Artificial Intelligence and the News

AI is here to stay. Find out the latest on how newsrooms and the public are using this technology. 

Panelists:

Ernest Kung, The Associated Press AI Product Manager (Virtual)

Ernest Kung is the AI Product Manager for The Associated Press. He was a local television news producer and writer for nearly 15 years. Ernest earned a Master of Business Information Systems with Distinction from the University of Canterbury and a BA in Broadcast Journalism from the University of Southern California.

Read about the AP’s local newsroom AI projects here.

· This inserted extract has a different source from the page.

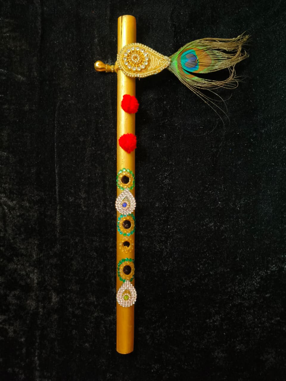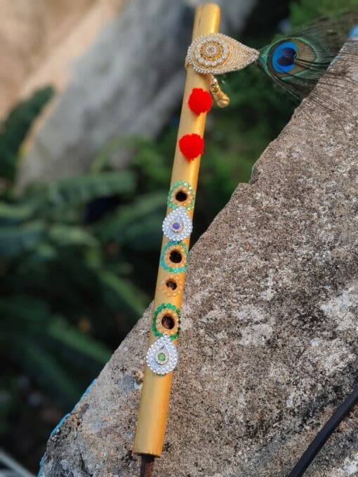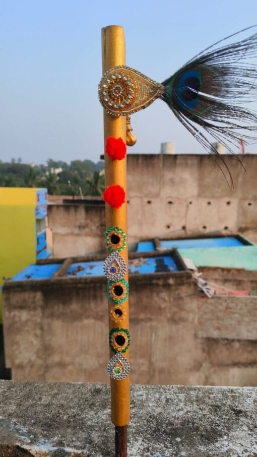 Handcrafted from fine wood, this 14-inch Divine Flute is a sacred accessory adorned with mirrors, stones, and colorful threads, adding a touch of elegance to your worship. π

Ammina Kothari, URI journalism professor

Ammina Kothari is a journalism professor and director of the Harrington School of Communication and Media at the University of Rhode Island. She often teaches data journalism, community journalism, reporting and writing, and news editing. Her research focuses on the role of technology in transforming communication and journalism practices globally.

Peter Sterne, Stage Whisper app developer

Peter Sterne is a journalist based in New York City. He currently works as an editor at City & State NY and previously worked at New York Focus, Freedom of the Press Foundation and Politico. He is developing a free app for journalists called Stage Whisper, which uses AI-based tools to automatically transcribe interviews.

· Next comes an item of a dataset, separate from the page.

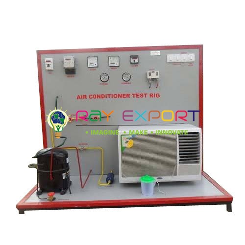 Equipment for Education, Engineering and Vocational Training - Refrigeration & Air Conditioning Lab Trainer - Refrigeration Trainer allows students & industry professionals to learn the fundamentals of Simple Vapour Compression Refrigeration System. The design of this Refrigeration Training System is to allow the user to study this Technology in great detail. The training system introduces various sub-systems with real components. The training system brings a comprehensive view of the entire Refrigeration system. Actual component study and their interconnection, functions, operation, diagnosis, etc. are a part of the scope of training. The construction of the trainer is on a main platform unit mounted on a trolley. This helps the students to place the trainer at their desired position. However, the height of the trainer is as such, the students can comfortably observe the reading while performing the experiments. The unit is opened, in order to provide an open exposure to the students for understanding the importance of each component in the process cycle. In this trainer, students can learn how to calculate the Coefficient of Performance (C.O.P.) of a compressor, based on which he / she can know the capacity of a compressor. Apart from this, students are also able to know the power consumed by the compressor.The front panel also includes Toggle Switches, LCD, Pressure, Dials, Voltmeter and Ammeter. Refrigerant (R134) used is non-poisonous, harmless to body and eco-friendly Compact and Self-contained Mounted on trolley for mobility Digital LCD for Temperature Multi point temperature measurement Process Diagram on front panel Easy component identification Technical Specifications Condenser : 10 11 2 Turns Motor : 230 VAC – 50 Hz, 0.40 Amps, 9 watt and 1360 RPM Evaporator & Tank : Capacity : 20 litres Compressor : 1/3 HP, 925 BTU, 150 watt, R134a (Refrigerant), 220 VAC – 50 Hz, Drier :1/4- Threaded (male) Pressure Gauge (P1, High) : 0 – 300 PSIG & 0 – 21 kg / cm2 Pressure Gauge (P2, Low) : -30 to 150 PSIG Ammeter : 0 to 5 Amps AC Voltmeter : 0 to 300 VAC Pump : Submersible, 220 VAC, 800 L/H Heater : 220 VAC, 50 Hz, 500 watt Rotameter : 0 to 30 LPM, Acrylic body LCD : 16´ 2 Temperature Range : 0° -100°C.

Sonya Cates, associate professor, Computer Science at RWU

Sonya Cates is an associate professor of computer science at Roger Williams University. Her research and teaching interests include human-computer interaction, artificial intelligence, and data science. Before joining the faculty at RWU, she worked in finance, using large data sets to predict movements in financial markets.

Moderator

Chris Blake, Southern Connecticut State University

Christopher G. Blake is a journalist, professor, and former association management executive who has more than 35 years of writing and editing experience. Blake worked for 15 years as a newspaper reporter, primarily at the Connecticut Post in Bridgeport, CT. During his reporting career, Blake served for eight years in the newspaper’s State Capitol bureau in Hartford, where he covered state politics and government. He held senior management positions in several professional associations from 1995 through 2017. In those roles, he wrote for and edited trade journals. Blake is currently an adjunct journalism professor at Southern Connecticut State, where he teaches about the First Amendment, reporting and journalism history.